DATASET EXTRACT →
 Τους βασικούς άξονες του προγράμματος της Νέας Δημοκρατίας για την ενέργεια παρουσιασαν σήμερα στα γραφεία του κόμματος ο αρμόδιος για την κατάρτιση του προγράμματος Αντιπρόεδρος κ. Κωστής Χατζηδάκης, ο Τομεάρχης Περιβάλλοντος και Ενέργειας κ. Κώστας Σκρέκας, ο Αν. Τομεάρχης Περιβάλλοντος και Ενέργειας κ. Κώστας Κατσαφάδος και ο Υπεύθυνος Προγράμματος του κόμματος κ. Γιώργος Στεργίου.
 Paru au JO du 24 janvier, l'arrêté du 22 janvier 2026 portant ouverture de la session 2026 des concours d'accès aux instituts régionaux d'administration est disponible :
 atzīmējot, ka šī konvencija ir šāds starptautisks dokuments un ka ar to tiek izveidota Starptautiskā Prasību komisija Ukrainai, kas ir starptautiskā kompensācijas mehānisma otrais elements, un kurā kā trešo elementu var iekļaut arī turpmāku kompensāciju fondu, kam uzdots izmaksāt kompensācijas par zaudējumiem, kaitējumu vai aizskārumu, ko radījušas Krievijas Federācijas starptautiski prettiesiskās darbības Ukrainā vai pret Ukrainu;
--
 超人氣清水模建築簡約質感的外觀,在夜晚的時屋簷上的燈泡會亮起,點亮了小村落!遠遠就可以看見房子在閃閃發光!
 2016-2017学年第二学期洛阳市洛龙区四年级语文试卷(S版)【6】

YOUR GOAL → Set down exactly the lines of the data above, beginning with the line that has "Τους βασικούς άξονες" and ending with the line that has "Paru au JO du", and no others.

ANSWER TO THIS TASK →
 Τους βασικούς άξονες του προγράμματος της Νέας Δημοκρατίας για την ενέργεια παρουσιασαν σήμερα στα γραφεία του κόμματος ο αρμόδιος για την κατάρτιση του προγράμματος Αντιπρόεδρος κ. Κωστής Χατζηδάκης, ο Τομεάρχης Περιβάλλοντος και Ενέργειας κ. Κώστας Σκρέκας, ο Αν. Τομεάρχης Περιβάλλοντος και Ενέργειας κ. Κώστας Κατσαφάδος και ο Υπεύθυνος Προγράμματος του κόμματος κ. Γιώργος Στεργίου.
 Paru au JO du 24 janvier, l'arrêté du 22 janvier 2026 portant ouverture de la session 2026 des concours d'accès aux instituts régionaux d'administration est disponible :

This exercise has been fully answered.